次の図は、さまざまなML問題に適切なタスクのタイプを示しています-

ML問題のタスク

学習能力に基づく

学習プロセスでは、以下は学習能力に基づいたいくつかの方法です-

バッチ学習

多くの場合、利用可能なトレーニングデータ全体を使用して、モデルを一度にトレーニングする必要があるエンドツーエンドの機械学習システムがあります。 このような種類の学習方法またはアルゴリズムは、*バッチ学習またはオフライン学習*と呼ばれます。 バッチ学習またはオフライン学習と呼ばれるのは、1回限りの手順であり、モデルが1つのバッチでデータを使用してトレーニングされるためです。 以下は、バッチ学習方法の主な手順です-

  • *ステップ1 *-まず、モデルのトレーニングを開始するためにすべてのトレーニングデータを収集する必要があります。
  • *ステップ2 *-次に、トレーニングデータ全体を一度に提供して、モデルのトレーニングを開始します。
  • *ステップ3 *-次に、満足のいく結果/パフォーマンスが得られたら、学習/トレーニングプロセスを停止します。
  • *ステップ4 *-最後に、このトレーニング済みモデルを実稼働環境に展開します。 ここでは、新しいデータサンプルの出力を予測します。

オンライン学習

これは、バッチまたはオフラインの学習方法とはまったく逆です。 これらの学習方法では、トレーニングデータはミニバッチと呼ばれる複数のインクリメンタルバッチでアルゴリズムに提供されます。 以下は、オンライン学習方法の主な手順です-

  • *ステップ1 *-まず、モデルのトレーニングを開始するためのすべてのトレーニングデータを収集する必要があります。
  • *ステップ2 *-次に、トレーニングデータのミニバッチをアルゴリズムに提供して、モデルのトレーニングを開始します。
  • *ステップ3 *-次に、アルゴリズムに複数の増分でトレーニングデータのミニバッチを提供する必要があります。
  • *ステップ4 *-バッチ学習のように停止しないため、ミニバッチでトレーニングデータ全体を提供した後、新しいデータサンプルも提供します。
  • *ステップ5 *-最後に、新しいデータサンプルに基づいて一定期間学習を続けます。

一般化アプローチに基づく

学習プロセスでは、以下は一般化アプローチに基づいたいくつかの方法です-

インスタンスベースの学習

インスタンスベースの学習方法は、入力データに基づいて一般化を行うことによりMLモデルを構築する便利な方法の1つです。 この種の学習にはMLシステムと、生データポイント自体を使用して、トレーニングデータの明示的なモデルを構築せずに新しいデータサンプルの結果を引き出す方法が含まれるという点で、以前に研究された学習方法とは異なります。

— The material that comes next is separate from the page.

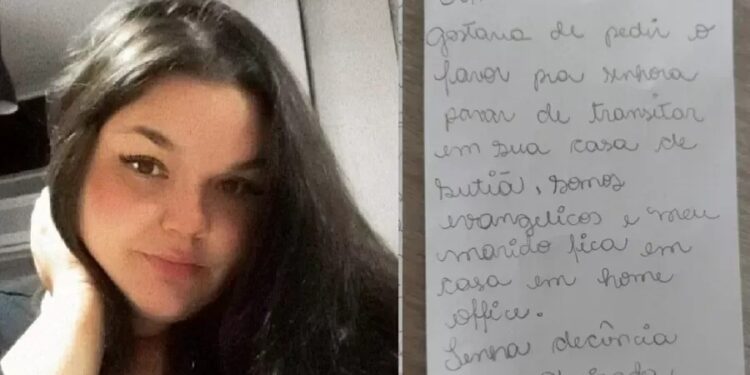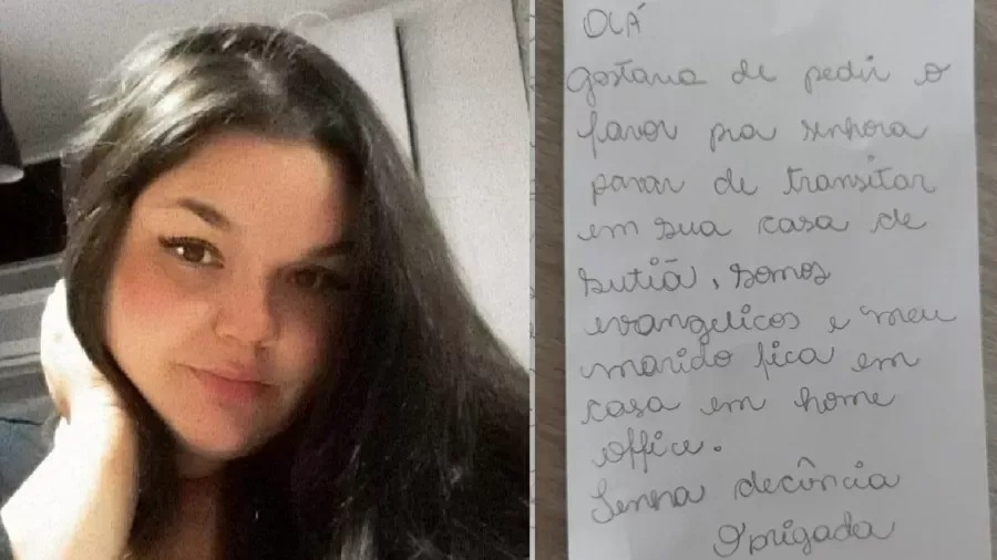 SÃO PAULO | A confeiteira Juliana Kulpa, de 25 anos, moradora de um edifício em Osasco, na Grande São Paulo, recebeu um bilhete de uma vizinha pedindo que ela parasse de andar pela seu próprio apartamento usando apenas sutiã: “Somos evangélicos e meu marido fica em casa em home office. Tenha decência”. Desde que divulgou o ocorrido nas redes sociais, há 20 dias, o caso tem gerado debate e indignação.

簡単に言えば、インスタンスベースの学習は、基本的に入力データポイントを調べ、類似性メトリックを使用して動作を開始し、新しいデータポイントを一般化して予測します。

モデルベースの学習

モデルベースの学習方法では、ハイパーパラメーターと呼ばれるさまざまなモデルパラメーターに基づいて構築され、入力データを使用して特徴を抽出するMLモデルで反復プロセスが行われます。 この学習では、さまざまなモデル検証手法に基づいてハイパーパラメーターが最適化されます。 それが、モデルベースの学習方法が一般化に向けてより伝統的なMLアプローチを使用していると言える理由です。